When a student sends "Aide-moi a preparer mon devoir de maths sur les fractions," the AI does not just generate text. It might generate an interactive quiz to test understanding, award bonus credits for correct answers, track exercise results for the student's progress dashboard, and generate a PDF summary of the lesson. When a professional accountant says "Genere-moi le bilan SYSCOHADA pour cette entreprise et envoie-le par e-mail," the AI searches the web for current SYSCOHADA standards, generates an Excel spreadsheet with proper accounting entries, converts it to PDF, and sends both files via email -- all in a single conversation turn.
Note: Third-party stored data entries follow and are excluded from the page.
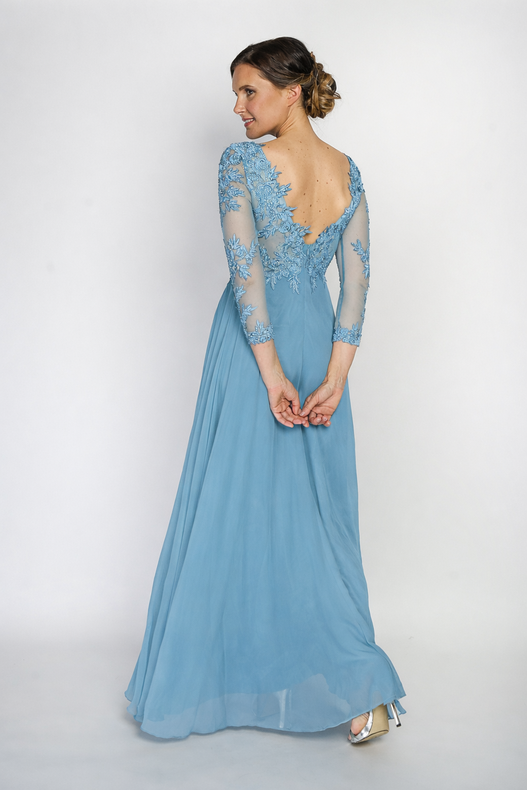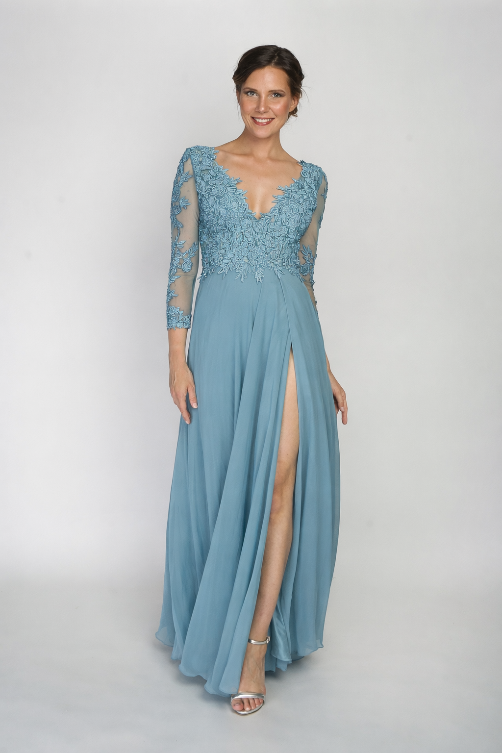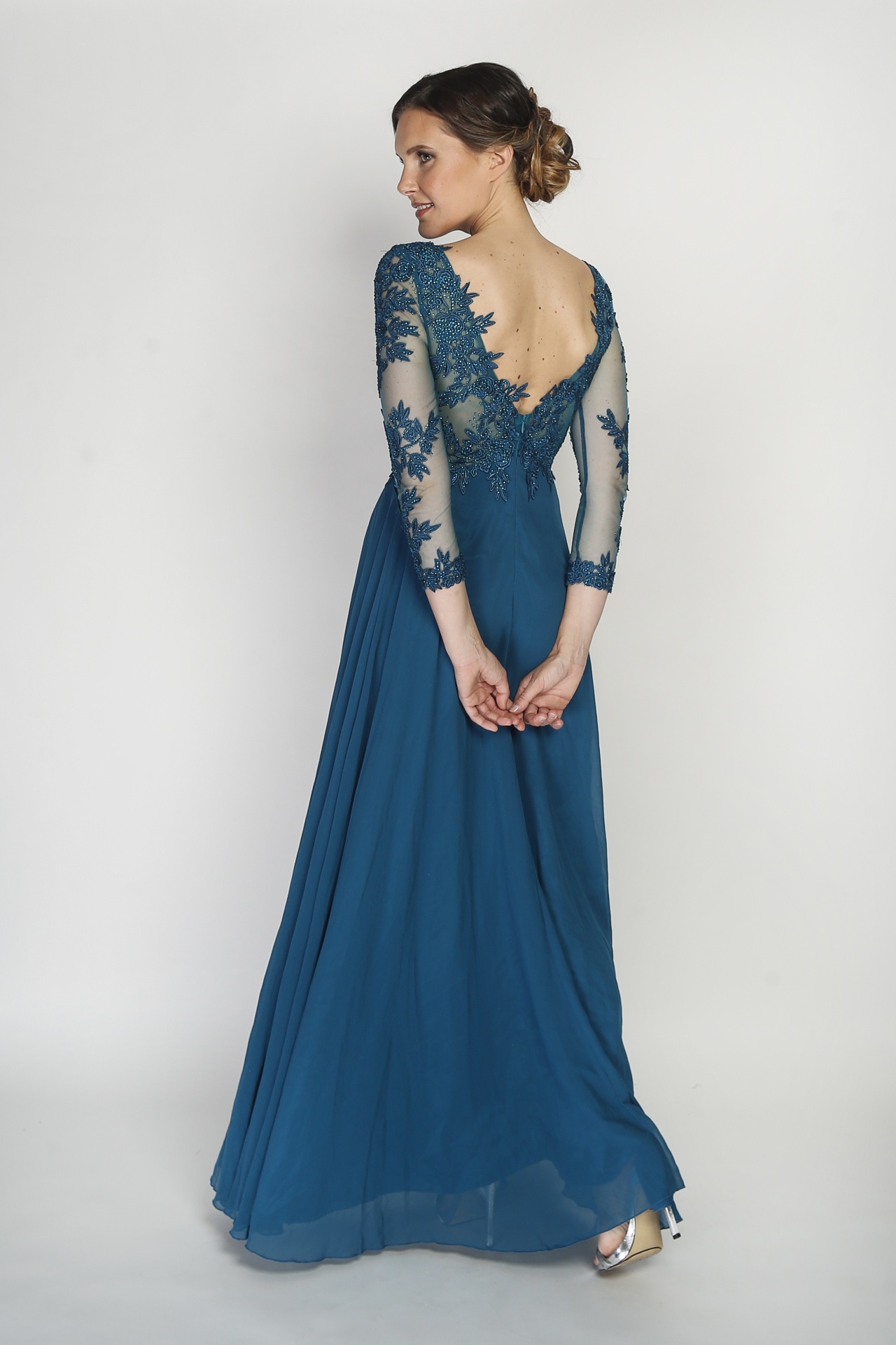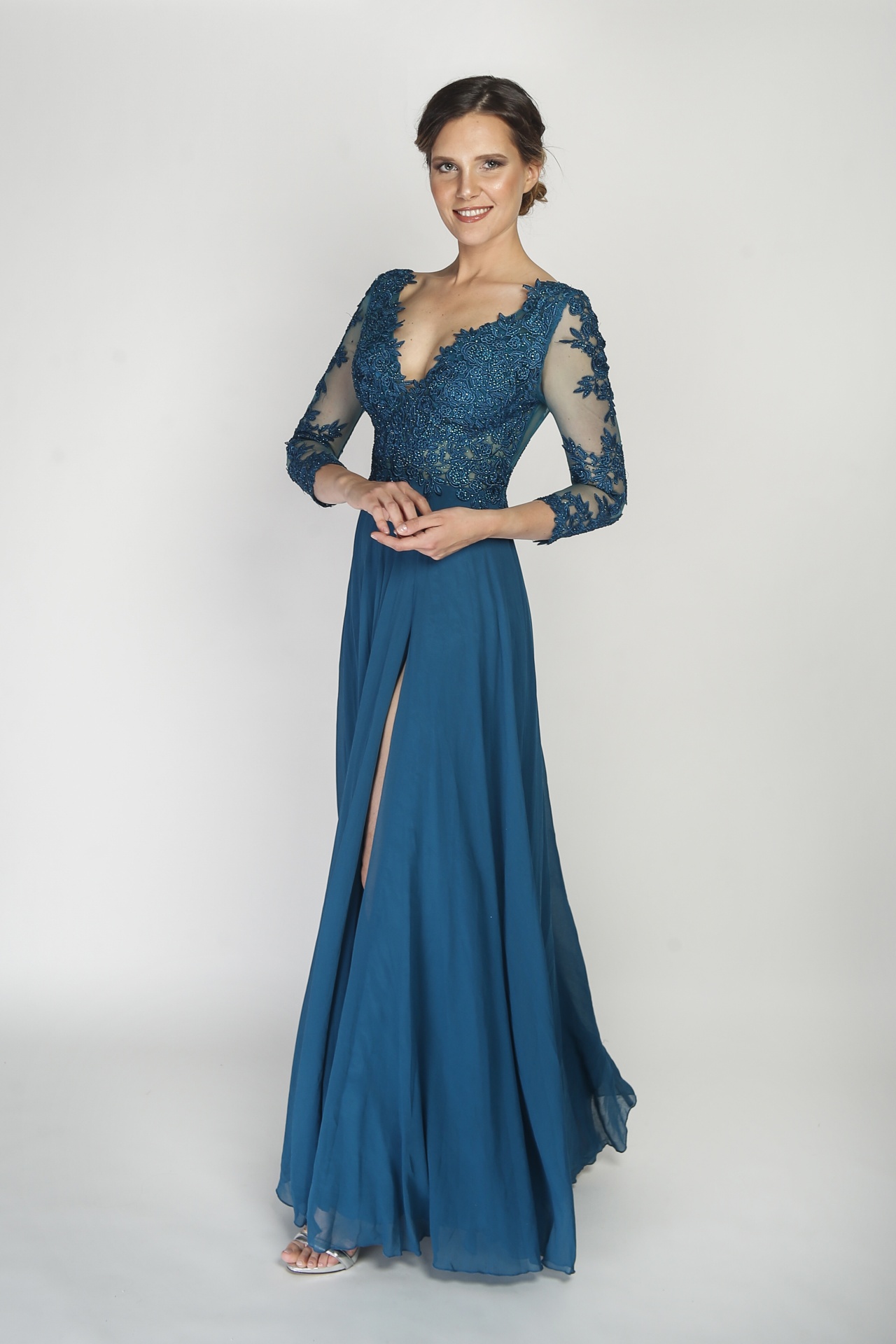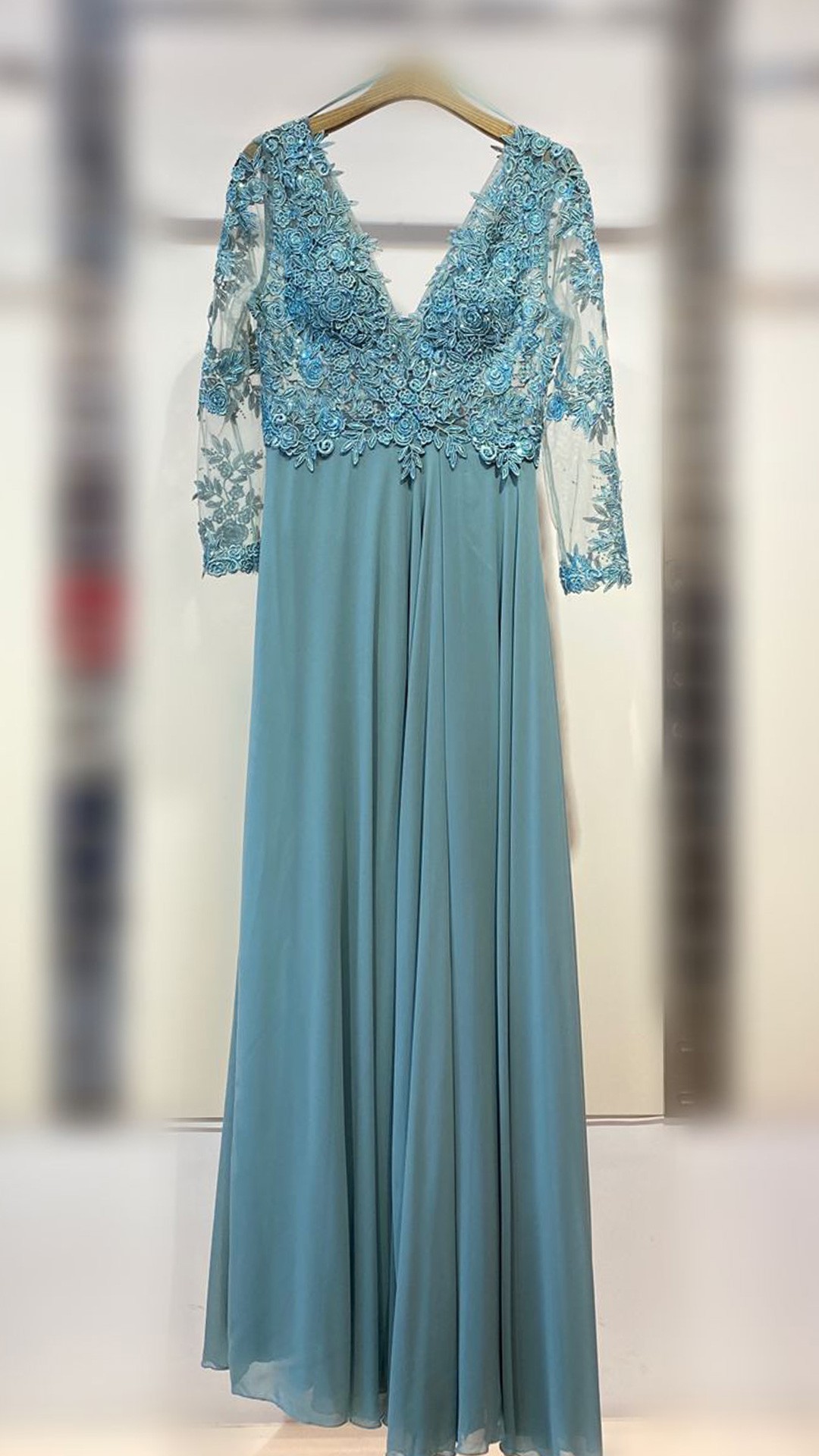 Este vestido é deslumbrante e elegante. Trata-se de um modelo de gala em tom verde, longo e fluído, com um caimento leve e sofisticado. O corpete apresenta um decote em V profundo e mangas compridas de tule transparente, adornadas com aplicações rendadas e bordados que conferem um toque refinado e romântico. A saia ampla e esvoaçante complementa a silhueta, criando um efeito de movimento gracioso. O conjunto transmite sofisticação e classe, ideal para eventos formais e ocasiões especiais.
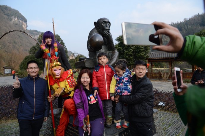 手持金箍棒,頭戴紫金冠。2月2日,農(nóng)歷臘月二十四,中國傳統(tǒng)小年節(jié)氣。當天下午,旅游勝地張家界武陵源黃龍洞景區(qū),一名“美猴王”打扮的特殊游客現(xiàn)身“后天”雕塑、龍宮大廳、花果山等景點,其惟妙惟肖的“孫悟空”動作表演,不時引來其他游客的驚呼:大圣歸來!
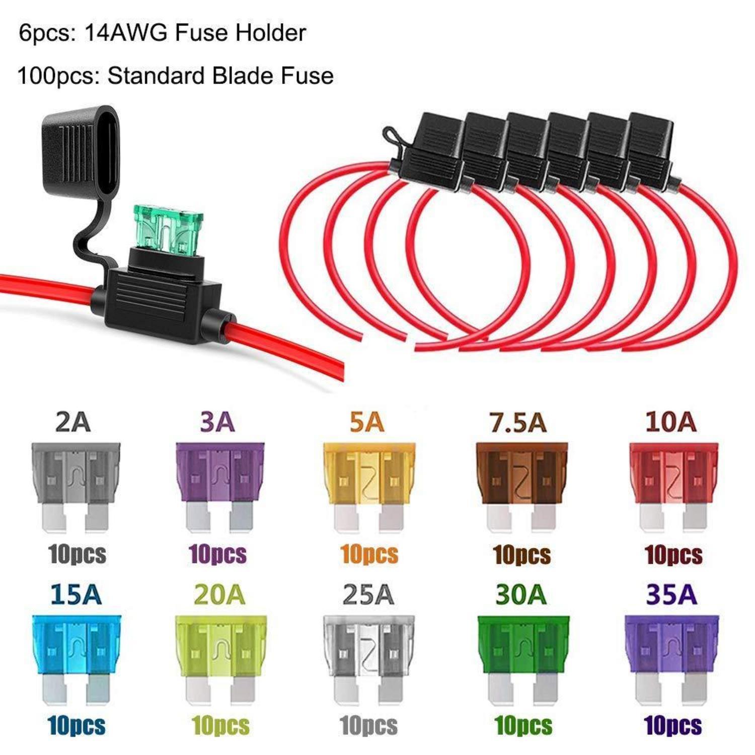 Umfassendes Set: Enthält 6 Sicherungshalter und 100 Standard-Auto-Flachsicherungen in verschiedenen Ampere-Stärken.
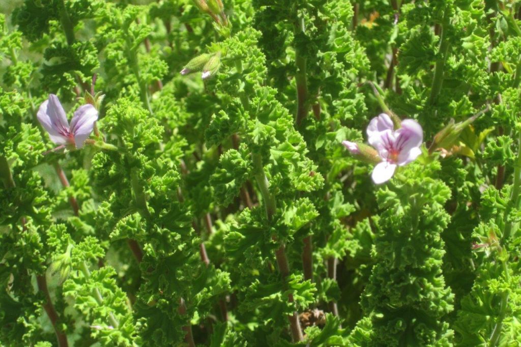 We were greeted at the entrance to the garden first by extremely garrulous parrots, then by pots of scented-leaved pelargoniums leading to a whole section of the garden devoted just to these wonderful plants. We were much taken with the lemon-scented Pelargonium crispum and by Pelargonium ‘Prince of Orange’ with its scent of orange peel.
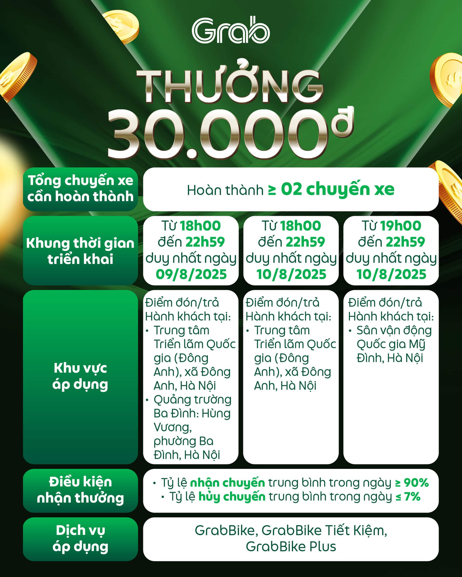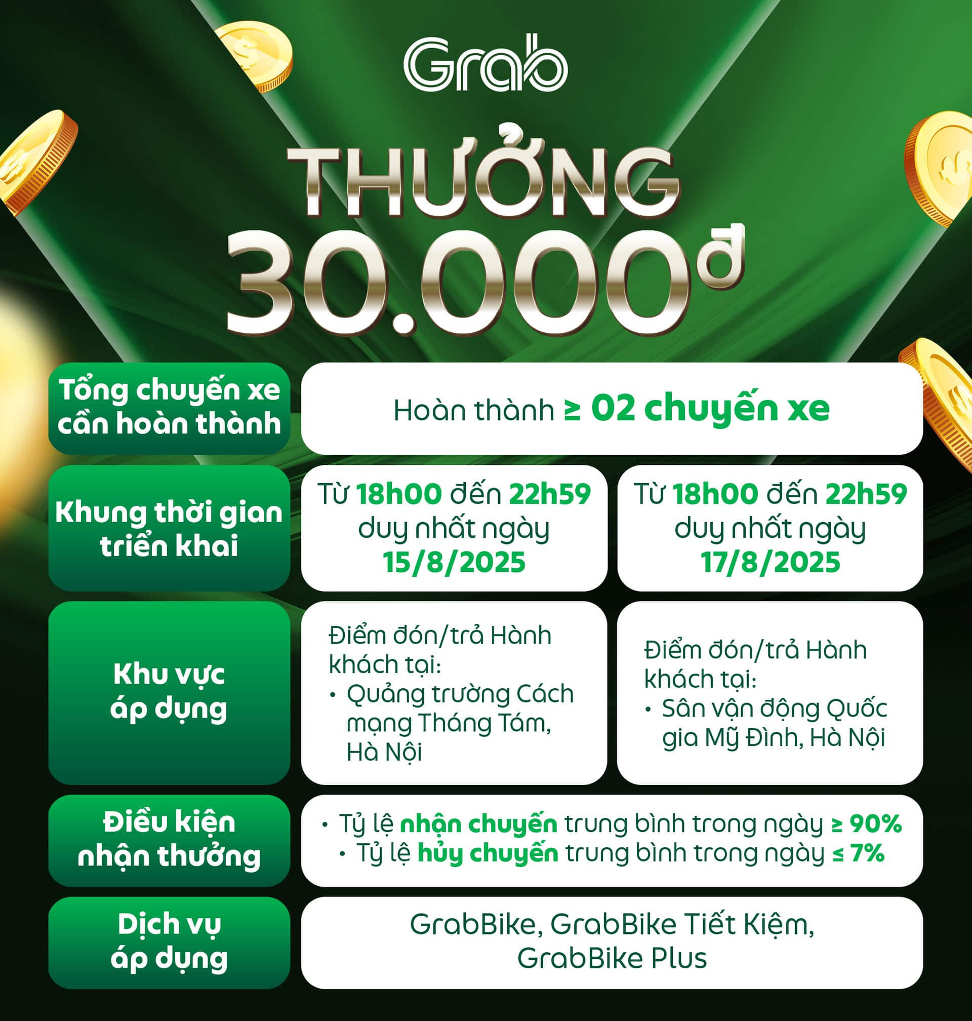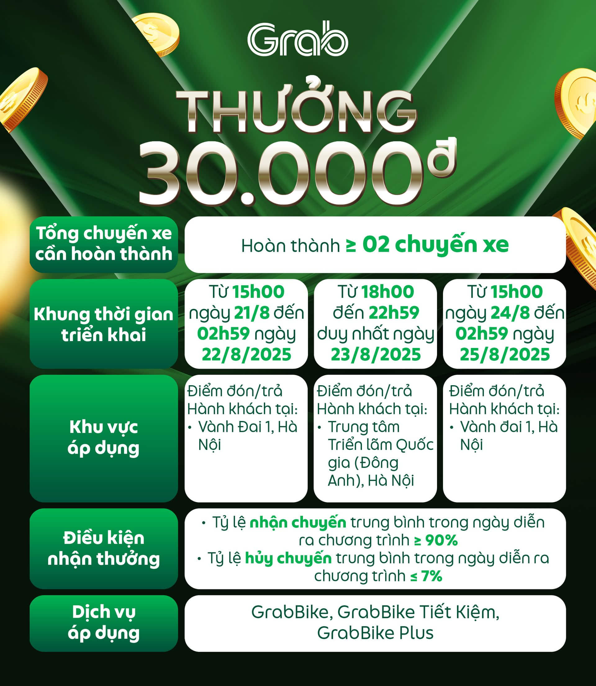 Nhằm giúp Đối tác có thêm cơ hội gia tăng thu nhập và đáp ứng nhu cầu di chuyển của Hành khách, Grab triển khai các chương trình thưởng khi hoàn thành chuyến xe có điểm đón/trả Hành khách tại khu vực áp dụng trong tháng 8/2025. Chi tiết như sau:

This is the agentic loop. The LLM thinks, decides which tools to call, executes them, reads the results, thinks again, and repeats -- up to 10 iterations per user message. It is the most complex subsystem in Deblo, and the one that makes the platform fundamentally different from a chat wrapper around an API.

The Loop

The core streaming function in llm.py implements the agentic loop as a simple for loop with a hard ceiling:

pythonasync def stream_chat_response(
    messages: list[dict],
    model: str,
    tools: list[dict] | None = None,
    tool_executor: ToolExecutor | None = None,
    total_timeout: int | None = None,
    # ... other params
) -> AsyncGenerator[dict | str, None]:

    MAX_TOOL_ITERATIONS = 10
    TOOL_TIMEOUT_SECONDS = 60
    overall_start = time.monotonic()

    full_messages = list(messages)

    for iteration in range(MAX_TOOL_ITERATIONS):
        # Global timeout check
        if time.monotonic() - overall_start > TOTAL_TIMEOUT_SECONDS:
            yield "\n\nTemps d'execution maximal atteint.\n"
            break

        # Build request for OpenRouter
        current_request = {
            "model": model,
            "messages": full_messages,
            "stream": True,
        }
        if tools and iteration < MAX_TOOL_ITERATIONS - 1:
            current_request["tools"] = tools
        elif iteration >= MAX_TOOL_ITERATIONS - 1:
            current_request["tool_choice"] = "none"  # Force text on last iteration

        # Stream LLM response, accumulate content and tool calls
        collected_content = ""
        tool_calls_acc: dict[int, dict] = {}

        async for data in _raw_stream(current_request):
            # ... yield content tokens, accumulate tool call fragments

        # No tool calls? We are done.
        if not tool_calls_acc or not tool_executor:
            break

        # Execute each tool, append results, loop back to LLM
        for tc in tool_calls_list:
            result = await asyncio.wait_for(
                tool_executor(func_name, func_args, tool_call_id),
                timeout=TOOL_TIMEOUT_SECONDS,
            )
            # Truncate verbose results to prevent context overflow
            result = _truncate_tool_result(func_name, result)
            # Append tool result to message history
            full_messages.append({
                "role": "tool",
                "tool_call_id": tool_call_id,
                "content": json.dumps(result),
            })

The key design decisions embedded in this loop:

Hard ceiling of 10 iterations. On the 10th iteration, we set tool_choice: "none" to force the LLM to produce a text response instead of calling more tools. Without this, a confused model could loop indefinitely.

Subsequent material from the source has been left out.